The story of Christmas is the story of a birth that occurred in the middle of a dark and silent night, and promised to bring peace and joy to the world. In that story I see a powerful metaphor for the spiritual journey. In this short essay I’d like to tell you why.

Let’s start with a description of how I teach meditation. When I teach I ask people to sit still and relax, and then gently allow whatever thoughts and feelings arise to simply come and go. In meditation we have the chance to discover deep inner peace.

If our attention is fixated on the physical world, we assume that peace can only be found when the world around us becomes peaceful and quiet. When we seek peace in the world we quickly realize that we cannot quieten the world.

In meditation we allow our attention to fall inward. Since we cannot find peace in the world, we decide we must find peace in our minds.

If our attention is fixated on our minds, we assume that peace can only be found when our mind become peaceful. We soon realize that our minds are always busy with thoughts and feelings and we will never find peace there.

It is perfectly reasonable in a world as troubled as ours to want to change it. It is perfectly reasonable when we experience a turbulent mind to want it to be quiet. But it will never be possible to find lasting peace in those ways because we are not in control of the world and we are not in control of our minds either.

The miracle of meditation is the realization that the source of everlasting peace already exists inside us.

Meditation can take us beyond the mind. We can relax and allow our attention to fall inward away from the external world and into the mind. If we relax even more deeply we eventually come to rest in the awareness that has always been aware of the content of your mind.

From the perspective of the mind, the world is outside of us. From the perspective of meditation our minds and all of the thoughts and feelings are outside of us. At this depth we realize that we are not our minds. We are the awareness that is aware of our minds, and awareness at this depth is always already peaceful.
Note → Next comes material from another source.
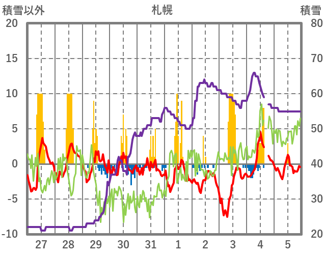 | 日 | 時 | 気温 | 降水 | 風向/風速 | 日照 | 積雪 | 降雪 |
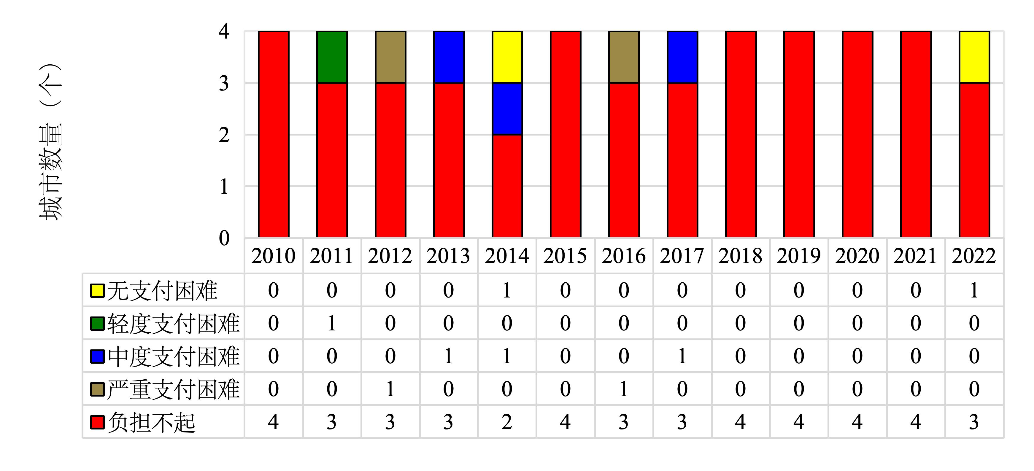 图4 2010-2022年31个二线城市房租可支付性分布

In the depths of our being we have always been aware of the content of our minds and the world beyond it, but we were never affected by any of it. In that place our experience has always been unbroken and everlasting peace.

Millions of people around the world are celebrating Christmas today. As I see it, the Christmas story is about the innocence and love that is born out of the mystery of everlasting peace and that can bring greater joy to the world.

It is a story that takes place in the silence of night. I see that night as a metaphor for the unknowable Oneness that we find at the spiritual center of our being.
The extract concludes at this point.